Cell speed variability caused by imprecise centroid selection

Cell type

σ in μm

original MD

AMD in μm/min


AMD (smoothed)






















































































Three cell types where tested (slow cell (sc), medium fast cell (mc), fast cell (fc)). The centroid positions where artificially varied within a standard deviation (σ, both axes) of 3 to 7.5 μm around the real centroid and the average mean displacement (AMD) computed for each set of varied tracks (200 tracks per setting). Variation of centroid positions resulted in overestimation of cell speeds, which was most pronounced for the slowest cell. Smoothing of "noisy" cell tracks by a centered moving average filter (window size 5) tended to underestimate MD values to varying degrees.
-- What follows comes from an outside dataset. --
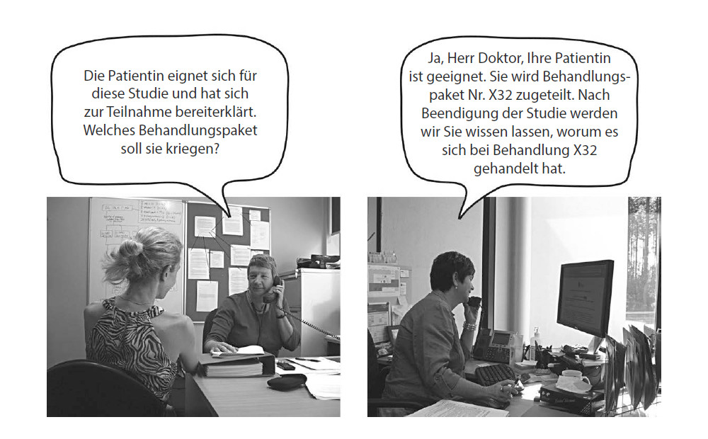 Diese verdeckte Behandlungszuteilung wird normalerweise erstens durch die Erstellung von Zuteilungsschemata erreicht, die weniger vorhersehbar sind als die einfache wechselweise Zuordnung – zum Beispiel dadurch, dass die Zuteilung auf Zufallszahlen beruht – und zweitens durch Geheimhaltung dieses Schemas. Um die Zuteilungsschemata geheim zu halten, kann man verschiedene Methoden anwenden. So kann die Zufallszuteilung beispielsweise bei einem Patienten, der sich für die Teilnahme an der Studie eignet, «aus der Ferne» – d. h. per Telefon oder Computer – erfolgen (Abb. 8). Eine weitere Möglichkeit stellt die Verwendung einer Serie von nummerierten Umschlägen dar, die jeweils eine Zuteilung enthalten. Ist ein Patient für die Teilnahme geeignet, wird jeweils der nächste Umschlag in dieser Serie geöffnet, um zu sehen, welcher Gruppe er zugeteilt wird. Damit dieses System funktioniert, müssen die Umschläge undurchsichtig sein, damit die Ärzte nicht «schummeln » können, indem sie den Umschlag gegen das Licht halten, um die Zuteilung darin zu erkennen.

Variations induced by cell subset selection

A common practice in manual cell tracking is to select only a subset of cells from each time-lapse video for analysis, which is then assumed to represent the whole cell population. We were interested in determining how closely manually selected subpopulations approximate the whole cell population in a typical experimental setting. To this end, we analyzed five video sequences of Panc-1 pancreatic cancer cells differentially treated with stimulatory and inhibitory substances. One expert manually tracked the cells in each of the five sample videos. Only tracks, which did not leave the field of view between the first and the last frame, were considered, resulting in a total of 420 valid tracks. AMD values were calculated for "raw" tracks as well as smoothened tracks (centered moving average filter, window size 5). The five video samples show well-distinguishable differences in migration rates regardless if "raw" or smoothened cell tracks were used for AMD computation (Figure 1). In order to isolate a possible bias resulting from subjective selection of cells from other error sources, we exclusively used smoothed tracks for AMD calculations, thereby excluding errors resulting from imprecise cell centroid selection as highlighted above. Ten participants were asked to choose a subset of 20 cells from each video, which they found to be good representatives of the cell population. The participants could observe the movement of the cells prior to their selection. They were however not informed about the treatment of the cells to avoid biasing the choice of cells due to a priori knowledge about expected effects of the inhibitory or stimulatory substances. The subsets chosen by each test person were used to compute the AMD for every video sample, revealing highly individual cell choices for the ten participants. In general, the selected subsets tended to substantially overestimate the average migration rates of the populations (Figure 1). The variance of the ten participants' choices was especially high for the samples with faster cells (i.e. the TGFβ- and SPC-treated cells; see Figure 1). To evaluate the degree of "agreement" between participants in selecting cells, we computed for any combination of two participants the number of commonly selected cells. The results demonstrate that across all 5 video sequences, on average 6.17 cells out of the 20 (max. 12; min. 1) were commonly chosen between any two participants (Table 2).
Table 2

Levels of agreement between any two participants in selecting "representative" subsets of 20 cells from cell populations.

Image sequence no.

Average number of common selected tracks for any 2 participants (out of 20 possible)

1, untreated

6.62 ± 2.29

2, spc

5.09 ± 1.90

3, tgfβ

7.82 ± 2.25

4, tgfβ & U0126

6.49 ± 2.05

5, U0126 & spc

4.84 ± 2.14
Figure 1

Dependency of average mean displacement on track selection. Variability of track set selection for average mean displacement calculation is shown for image sequences of five Panc1 cell lines treated with different compounds (spc: Sphingosylphosphorylcholine, TGFβ, U0126). All cells were tracked manually by one expert (overall track number n = 420; for cell numbers per video see Table 3). Ten subjects selected 20 of these tracks for average mean displacement calculation (yellow, boxplots showing median, interquartiles and range). Results of randomly sampling 20 of the tracks repeatedly for 2 × 105 times are shown as orange boxplots. Average mean displacement values, utilizing all available manually tracked cells are shown in blue (for raw not smoothed tracks in green). Results of automated tracking are given in red.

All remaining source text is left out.